The system generates instructions following a three-layer precedence model:

LAYER 1 — FOUNDATION (broadest scope)
  └─ .github/copilot-instructions.md         # Repo-wide rules

LAYER 2 — SPECIALISTS (role-based)
  └─ .github/agents/*.agent.md               # Agent expertise definitions

LAYER 3 — CAPABILITIES (most specific, highest priority)
  ├─ .github/instructions/*.instructions.md   # Path-specific overrides
  ├─ .github/prompts/*.prompt.md              # Reusable snippets
  └─ .github/skills/*/*.md                   # Complex workflows

Higher layers override lower layers. Path-specific instructions always win.

Contributing

Contributions are welcome.

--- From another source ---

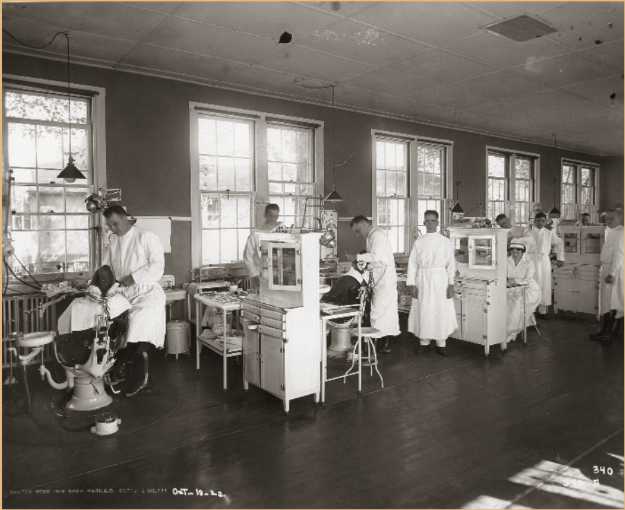
Dental Clinic, WRGH, 1922

Of the 688 orthopedic cases treated in 1923, only fifteen per cent required surgery. On the other hand, some 1,300 cases were seen in consultation from other hospital services or as referrals from the Attending Surgeon's Office, Military District of Washington; and 8,600 plaster of Paris bandages were made in the Orthopedic Appliance Shop, for later use in making body casts. From a strictly statistical evaluation, the EENT section, credited with 1,317 of the total 2,475 operations, Orthopedics, Urology and finally the Obstetrical and Gynecological Sections were the busiest surgical activities.

When adding or modifying agents:

  1. Follow the YAML frontmatter schema defined in agent-factory.agent.md
  2. Sub-agents must set user-invocable: false
  3. Run @validator against your changes before submitting
  4. Include attribution headers for any adapted community content

Changelog

For a detailed history of changes, features, and improvements, see CHANGELOG.md.

License

MIT — Github: CypBnk / Codeberg: MaHo_CB

About

A multi-agent orchestration system for GitHub Copilot that auto-detects your tech stack and generates a complete, production-ready .github/ instruction set — agents, skills, prompts, and path-specific rules — in one pass. Seven specialist agents scaffold, write, and validate everything automatically. No manual configuration required.